Retype, word for word, the line holding "Warga mulai membersihkan" and each line after it down to the end of the data; pictures are not copied.

> _Dataset excerpt_:
|---|
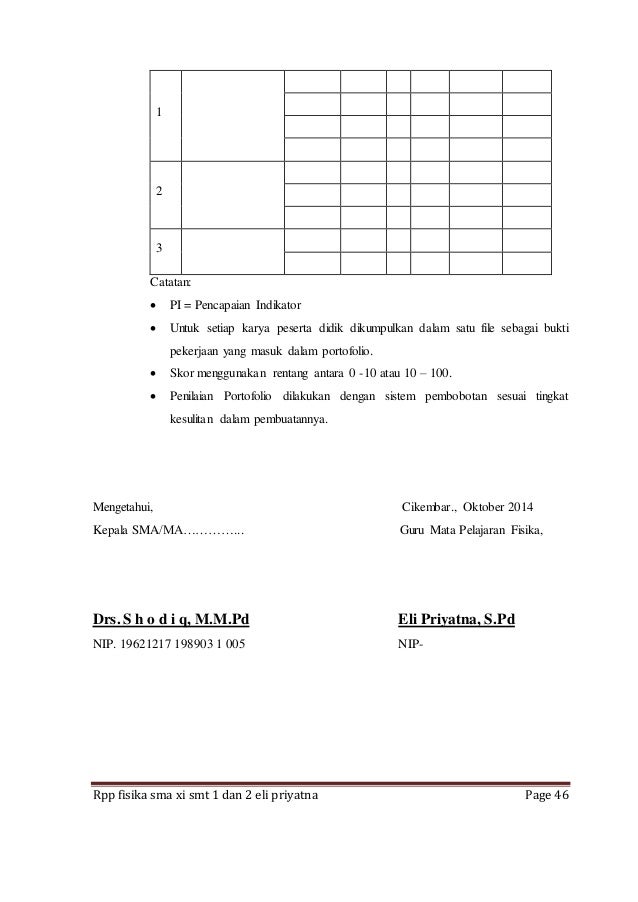 Rpp Fisika Sma Kelas Xi Sman 1 Cikembar Eli Priyatna Kurikulum 2013
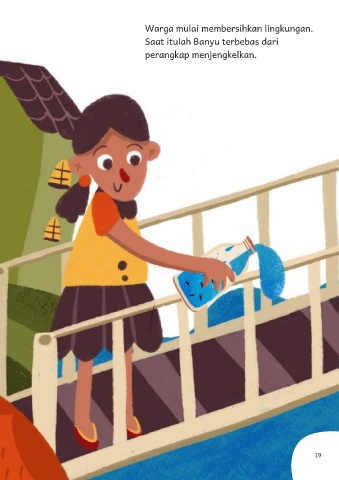 Warga mulai membersihkan lingkungan. Saat itulah Banyu terbebas dari perangkap menjengkelkan. 19
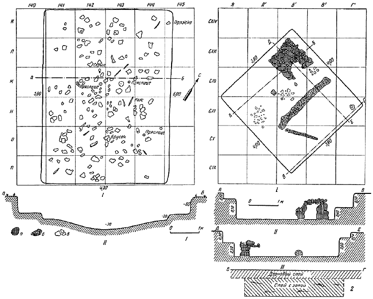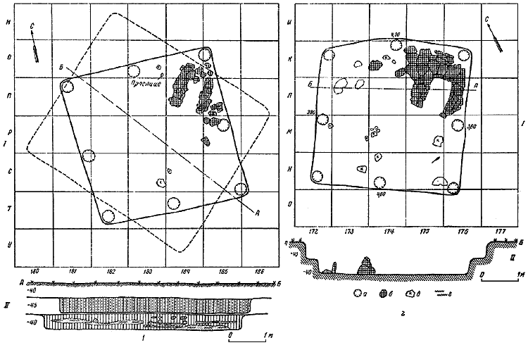 1 – жилище 9, перекрытое постройкой 7: I – план; II – разрез по линии АБ;
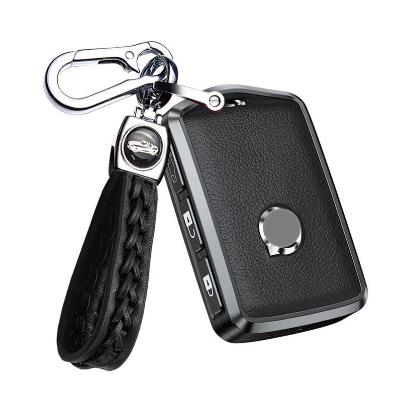- Material: the car key holder is made of high-quality aluminium alloy + selected first layer cowhide leather, double layer materials, 360° protects your car key from damage. Make your car keys look beautiful and stylish.
|---|
> _Completed task_:
 Warga mulai membersihkan lingkungan. Saat itulah Banyu terbebas dari perangkap menjengkelkan. 19
 1 – жилище 9, перекрытое постройкой 7: I – план; II – разрез по линии АБ;
- Material: the car key holder is made of high-quality aluminium alloy + selected first layer cowhide leather, double layer materials, 360° protects your car key from damage. Make your car keys look beautiful and stylish.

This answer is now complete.